Mairead herself has lost two babies to miscarriage. Particularly on her mind at the moment is a child she miscarried 18 years ago this month. Outside the hospital where she was treated, she and her husband were greeted by graphic images which she found very distressing given their loss.

Her experience of giving birth in hospital also demonstrated to her that the 8th needs to go. After a bad experience with her first birth, she didn’t want to have an epidural.

For her second baby, she was in early labour and in no distress but went to the hospital early because:

the excitement was like waiting to see a friend at the train station. You get there early in case they arrive early too!

She arrived and asked for no intervention, but the nurse arrived with a drip for IV. She begged, ‘no, please don’t do this’, but was told

‘this could go on for days and days, do you want your baby to die?’  I put my hands up and I surrendered. Birth is about being a lover, not a fighter… I thought of my already born daughter to get me through the experience.
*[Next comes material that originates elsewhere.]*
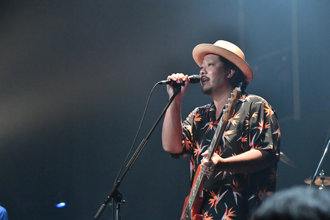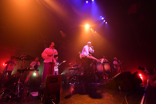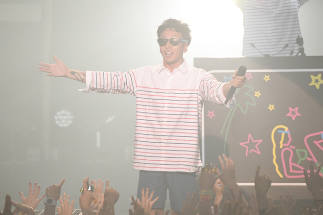メインアリーナのライブは、昨年同様、RIP SLYMEのメンバーがサブステージに登壇し、次のライブアクトを紹介してから始まるという流れ。PESに「死ぬくらい格好良くて好き」と紹介されて2番手に登場したAwesome City Clubは、清涼感あふれるディスコ/ブギー系のポップナンバーを次々に繰り出し、フロアを洗練された爽やかなムードに染めていった。中盤には8月23日(水)発売のAwesome City Club初のベストアルバム『Awesome City Club BEST』から新曲「ASAYAKE」を披露。ベースやドラムが荒々しく鳴らされるこの曲は、アーバンというよりはプリミティブな力強さを感じさせるシンガロング系のナンバーで、バンドの新たな表情が発露。彼らの次なる一歩を期待させるステージだった。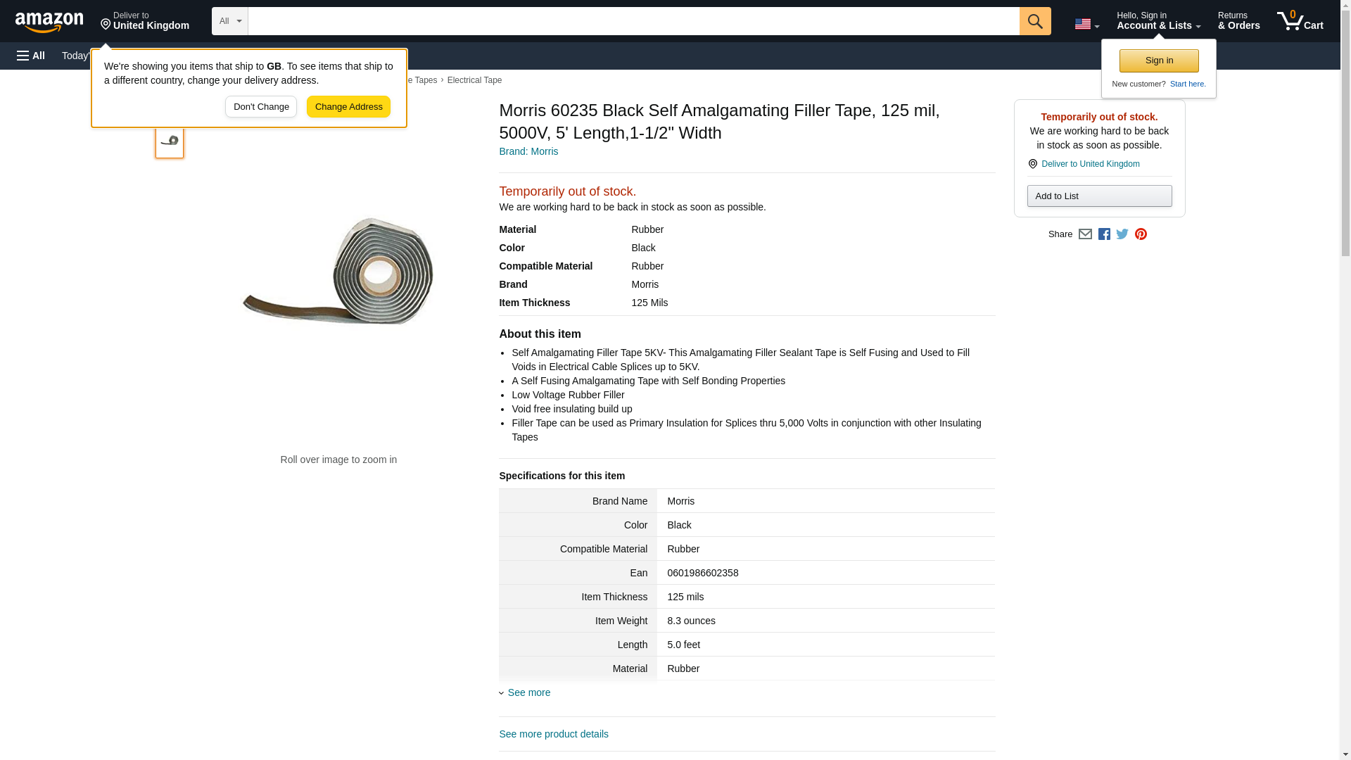 Morris 60235 Black Self Amalgamating Filler Tape, 125 mil, 5000V, 5' Length,1-1/2" Width

Her third and fourth babies she had in her own living room.

Savita and other women have been treated so terribly in their pregnancies and labour experiences. Mairead thinks that repealing the 8th will still mean that there is heartbreak, but a woman “will be able to stay close to home and be surrounded by family and friends and not have to be with strangers for whatever care she needs… Not everyone will do it. But the option should be there”.

Since time immoral, women have been seeking an abortion. If we’re going to help women do that with some degree of compassion we need to repeal. If we had abortion here, I thin there would be less abortions because there’s less panic (for the women).

She thinks that this time around that the electorate won’t vote a certain way because they are told to, but are stronger and better able to make up their own minds.